------ SOURCE DATA ------

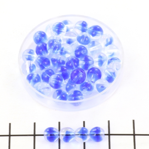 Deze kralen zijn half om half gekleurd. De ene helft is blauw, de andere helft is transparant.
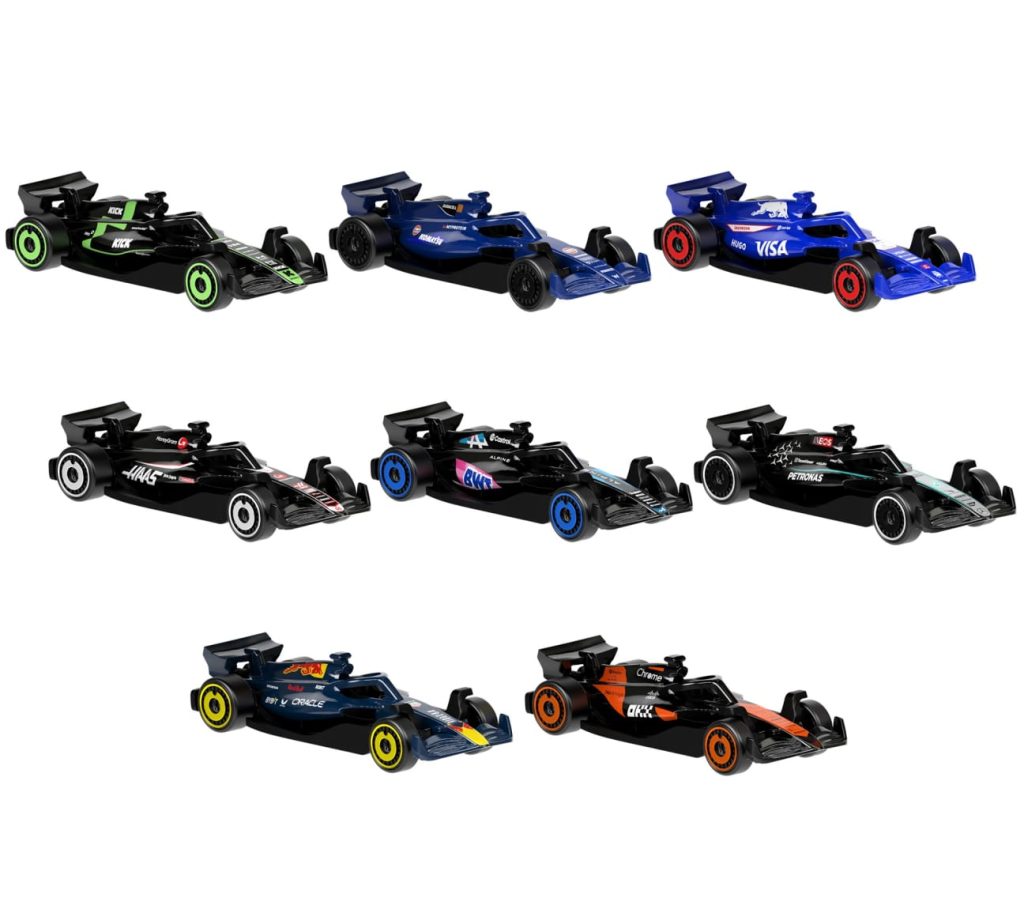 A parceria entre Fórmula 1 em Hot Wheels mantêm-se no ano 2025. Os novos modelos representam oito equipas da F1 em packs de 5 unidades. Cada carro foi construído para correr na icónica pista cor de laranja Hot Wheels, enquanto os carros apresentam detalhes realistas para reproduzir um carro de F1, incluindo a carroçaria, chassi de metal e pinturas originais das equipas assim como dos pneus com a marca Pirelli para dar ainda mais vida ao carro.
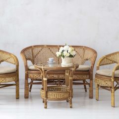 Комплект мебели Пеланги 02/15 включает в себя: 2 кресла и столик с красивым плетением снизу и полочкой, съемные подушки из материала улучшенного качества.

------

* TASK REQUIREMENTS
An exact transcript is required, covering the lines from the one containing "A parceria entre" through the end of the listing above, inclusive, without pictures.

* ANSWER BELOW
 A parceria entre Fórmula 1 em Hot Wheels mantêm-se no ano 2025. Os novos modelos representam oito equipas da F1 em packs de 5 unidades. Cada carro foi construído para correr na icónica pista cor de laranja Hot Wheels, enquanto os carros apresentam detalhes realistas para reproduzir um carro de F1, incluindo a carroçaria, chassi de metal e pinturas originais das equipas assim como dos pneus com a marca Pirelli para dar ainda mais vida ao carro.
 Комплект мебели Пеланги 02/15 включает в себя: 2 кресла и столик с красивым плетением снизу и полочкой, съемные подушки из материала улучшенного качества.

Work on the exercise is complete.